Unggul Sudrajat dan Dony Satryo Wibowo dalam buku Keris, menyebutkan, seiring
waktu tradisi keris dalam kehidupan Jawa bahkan masuk hingga ke dalam sebuah ikatan
perkawinan. Jika seseorang menikahi seorang perempuan Jawa, maka ayah pengantin wanita
akan memberikan sebuah keris sebagai pengikat tali keluarga, yang biasa disebut dengan keris
kancing gelung atau cundhuk ukel. Keris itu menjadi simbol penyerahan tanggung jawab dari
sang ayah mertua kepada menantu yang untuk selanjutnya berkewajiban menjaga puterinya
tersebut. Bahkan, keris dapat menggantikan sosok pengantin pria dalam upacara perkawinan.

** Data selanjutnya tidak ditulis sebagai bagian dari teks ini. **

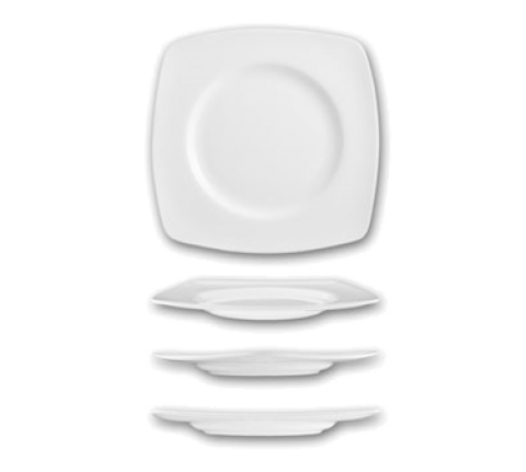 Plate, 10-5/8" x 10-5/8", square, with well, fully vitrified, chip resistant, microwave & dishwasher safe, lead free, "Reflections of Elegance" bone china, white, Iris™
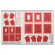 Make 2 small picture frames with this fat quarter of Zazzle fabric! This fat quarter has 10 panels of fabric laid out for each RED photo frame, for making WASHABLE, NO SEW, FABRIC PICTURE FRAMES, for photo sizes 1 1/2" x 2 1/2" and 2 1/2" x 3 1/2" - wallet sized! AND - the smallest frame is a convertible frame, meaning you can take the strut leg pocket, that allows the frame to be tabletop, remove it from its velcro / hook & loop connections, and insert a stainless steel, bar pin back, that is removable! The back panel has velcro for the strut leg pocket at its top and a bottom right connection for the ribbon to be removed too, AND has 2 holes to hang the frame, as well as 2 vertical holes to allow for the pin back's mechanism to push through and stay in place! There is a pocket up front for the mat board OR cardboard easel back board, as well as the photo and its photo sleeve, a ACID FREE, CLEAR, SHEET PROTECTOR PAGE cut to the size of the photo! Velcro / hoko & loop is cut down & glued at the top inside between the inside front frame panel, called the 2nd inside frame front border, or 2nd Inside FFB, and the top facing frame middle panel or FM All of the fabric panels are labeled what they are, have seam allowances around the main panel parts to cut around, lines to cut along to cut away excess corner fabric, circles to indicate holes to be poked and cut out, areas marked for where to put the velcro / hook & loop - for both frames! Easel back and strut leg board patterns are ON the fabric, as well, just cut out, and transfer to mat board or cardboard. The holes on 3 of the 10 panels, for each frame, get 1/8" skinny ribbon thread through them, to connect all 3 panels, making the photo pocket. SUPPLIES NEEDED: THERMOWEB HEAT N BOND at least 1 yard x 17" wide, sold for $1.99 / yard at JoAnn Fabrics, in 1 yard pack at JoAnn, in a 5 yard roll 17" wide at Michaels or michaels.com for $8.99, make sure to use a 40% or 50% off coupon or sale to save money. It's also available at joann.com, Walmart.com Thermoweb Heat n Bond Lite OR Ultrahold - I use Ultrahold - it is acid free, perfect for this project, being that it's for photo. Heat n Bond is a paper backed, iron on, fabric glue fusbible web that gets ironed to the back of the fabric panels - it is used for your PATTERNS! Just take sheet protectors, 4 or 5, and trace over the whole panel pattern, including the seam allowance. Flip the sheet protector page pattern OR clear vinyl pattern, if you want, and transfer both the outer seam allowance line AND inner panel, onto the paper back side of the Heat n Bond. Use straight pins, poke through from the front, at all the corners, 4 corners on 6 panels, and 5 corners on the strut leg panels, flip the fabric over to the back, and center your Heat n Bond patterns, glue side down, between the pins. NOTE: For strut leg panels, make sure you trace over those 2 horizontal lines angled inside the strut leg Heat n Bond patterns. Then when you make the Heat n Bond strut leg panel patterns, cut away that center strip, BUT use it as a gauge to place the remaining top and bottom parts of the strut leg Heat n Bond patterns in place. That area where the center strip was removed will be clear of Heat n Bond, and will allow the strut leg pocket to BEND out, to pitch, for the frame to stand on a table or shelf! RIBBON: 2 lengths, 2 feet each by 1/8" wide for each frame, for connecting the 3 panels for the photo pocket 2 lengths, 9" long by 3/8" wide for each frame, for connecting the bottom right corners of the strut leg pocket, between the layers, and between the easel back, and frame middle panels, with velcro / hook & loop on the smallest frame MAT BOARD or cardboard at least a piece 6" x 4", can be bought at Michaels for $5 for 20x30" piece, 8x10" scrap for $1 at JoAnn Fabric superstores in the framing department, or AC Moore $8 for a 32x40" board - 1/16" thick hot glue sticks 15, low temp hot glue gun iron printer paper, ruler, pen or pencil paper scissors fabric scissors EMBROIDERY SCISSORS - IMPORTANT! $10 at Michaels or JoAnns, recommend Gingher brand - this will allow you to poke into those circles and cut out the holes on the 3 panels that make the photo pocket - do this AFTER you have ironed the Heat n Bond patterns to the back SHEET PROTECTOR PAGES - 50 pack, make sure the pack is labeled acid free, can be found at Walmart or Walgreens for under $4, $5 at Target STAINLESS STEEL METAL BAR STYLE PIN BACKS, PACKS OF 10, 44, 48 AT Michaels, michaels.com, AC Moore, under $4 per pack, use a store coupon or sale to save. 1 3/4" long each VELCRO / aka HOOK & LOOP white or gray, or black, 1 yard by 3/4" wide sold in JoAnn Fabrics for $1 in their notions area wall section or in their $1 bins - cut the width in half to 3/8" wide or if you can get it to 1/4" wide that's great, too, 1 1/2" long roughly - just cut a length 1 1/2" long, and cut down the middle horizontally, for both hook and loop parts, one set of strips for the photo pocket closure, the other for the attaching of the strut leg pocket to the easel back panel facing out. Then cut a square for both hook and loop 1/2" x 1/2" for joining the ribbon dangling out of the strut leg pocket to the easel back's right bottom corner, folded over twice. LEGEND: FRONT FFB: front frame front border, front of frame, with PW, or picture window - photo area, centered 2nd inside FFB: situated under front FFB, Heat n Bond ironed on side facing up, picture window inner edge hot glued to picture window edge of front FFB - has 7 holes for thread ribbon through, connecting it to the 2 FM or frame middle panels, making the photo pocket FM: frame middle, you get 2, inside facing, or TOP, and facing out, or BOTTOM - the 2nd inside FFB is connected to them on one side, the EB, or easel back panels are connected on the other side of them, for making the easel back board and pin back pocket EB: easel back panels, you get 2, one facing inside, the other facing out, with the strut leg

Adanya pemaknaan keris sebagai benda pusaka yang memiliki daya kekuatan
supranatural membuatnya juga dimanfaatkan untuk media penyembuhan penyakit, membantu
proses kelahiran bayi, mengusir setan, menjaga keselamatan rumah tangga dan mendatangkan
hujan. Seturut berjalannya waktu dan dinamika masyarakat yang terus berubah, fungsi keris
terus mengalami perkembangan. Dewasa ini, keris lebih dominan sebagai kelengkapan sarana
upacara, atribut busana adat, dan cenderamata (souvenir). Lebih dari itu, sebagai benda pusaka,
saat ini keris juga mewujud sebagai barang koleksi para kolektor. Peminatnya pun tidak sedikit
di Indonesia. Hal ini diketahui dari adanya berbagai komunitas pecinta keris di berbagai daerah.
Juga dari sering diadakannya acara pameran keris, seperti Pameran Tosan Aji di Gedung
Monodhuis, Kota Lama, Kota Semarang, Jawa Tengah, Rabu (23/8/2023).
Keris yang semakin langka, berusia tua, dan memiliki sejarah akan menjadi buruan
kolektor. Keris seperti itu memiliki nilai ekonomi relatif tinggi, bisa mencapai ratusan juta
bahkan miliaran rupiah. Sehingga ada pula yang menjadikannya sebagai barang investasi.
Menariknya, ada perlakuan atau etika khusus pecinta keris terhadap keris saat membeli dan
menjualnya. Pemindahan kepemilikan keris biasa disebut dengan perjodohan keris, sebab istilah
jual-beli dihindari. Bila orang ingin membeli keris dari orang lain, ia akan menyatakan hasratnya
untuk membeli dengan mengatakan ingin melamar keris tersebut. Adapun harganya, umumnya
disebut mas kawin. Hal itu berasal dari keyakinan bahwa keris bukan sekedar bilah senjata
profan yang dapat diperlakukan seenaknya. Penggunaan istilah perjodohan juga merupakan
bentuk kepercayaan bahwa tidak sembarang keris dapat cocok dengan seseorang.